*THE RECORDS:*
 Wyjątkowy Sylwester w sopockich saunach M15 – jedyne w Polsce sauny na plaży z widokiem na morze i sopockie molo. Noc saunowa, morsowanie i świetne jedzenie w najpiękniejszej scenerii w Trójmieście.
--
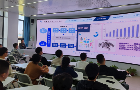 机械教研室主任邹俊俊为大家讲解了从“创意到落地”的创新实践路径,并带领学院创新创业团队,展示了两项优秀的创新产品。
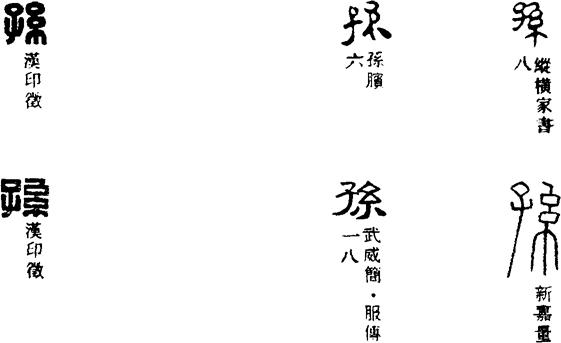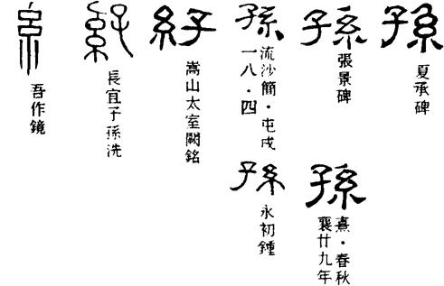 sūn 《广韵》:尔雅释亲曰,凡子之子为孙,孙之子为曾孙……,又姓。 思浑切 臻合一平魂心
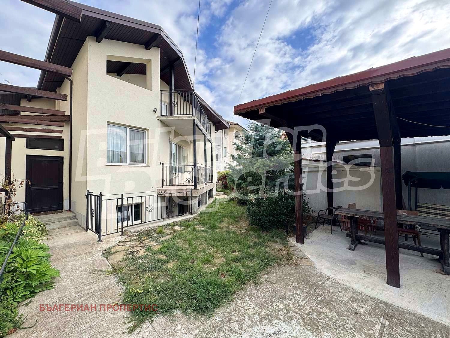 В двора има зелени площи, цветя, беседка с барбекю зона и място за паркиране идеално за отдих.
* * *
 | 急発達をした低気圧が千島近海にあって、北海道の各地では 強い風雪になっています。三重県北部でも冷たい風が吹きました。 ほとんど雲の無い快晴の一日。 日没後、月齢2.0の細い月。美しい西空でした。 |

*TASK ITEM:* Only the lines starting at the one with "机械教研室主任邹俊俊为大家讲" and ending at the one with "В двора има" should be printed, each exactly as it appears in the material above; the pictures are to be omitted.

*SOLUTION:*
 机械教研室主任邹俊俊为大家讲解了从“创意到落地”的创新实践路径,并带领学院创新创业团队,展示了两项优秀的创新产品。
 sūn 《广韵》:尔雅释亲曰,凡子之子为孙,孙之子为曾孙……,又姓。 思浑切 臻合一平魂心
 В двора има зелени площи, цветя, беседка с барбекю зона и място за паркиране идеално за отдих.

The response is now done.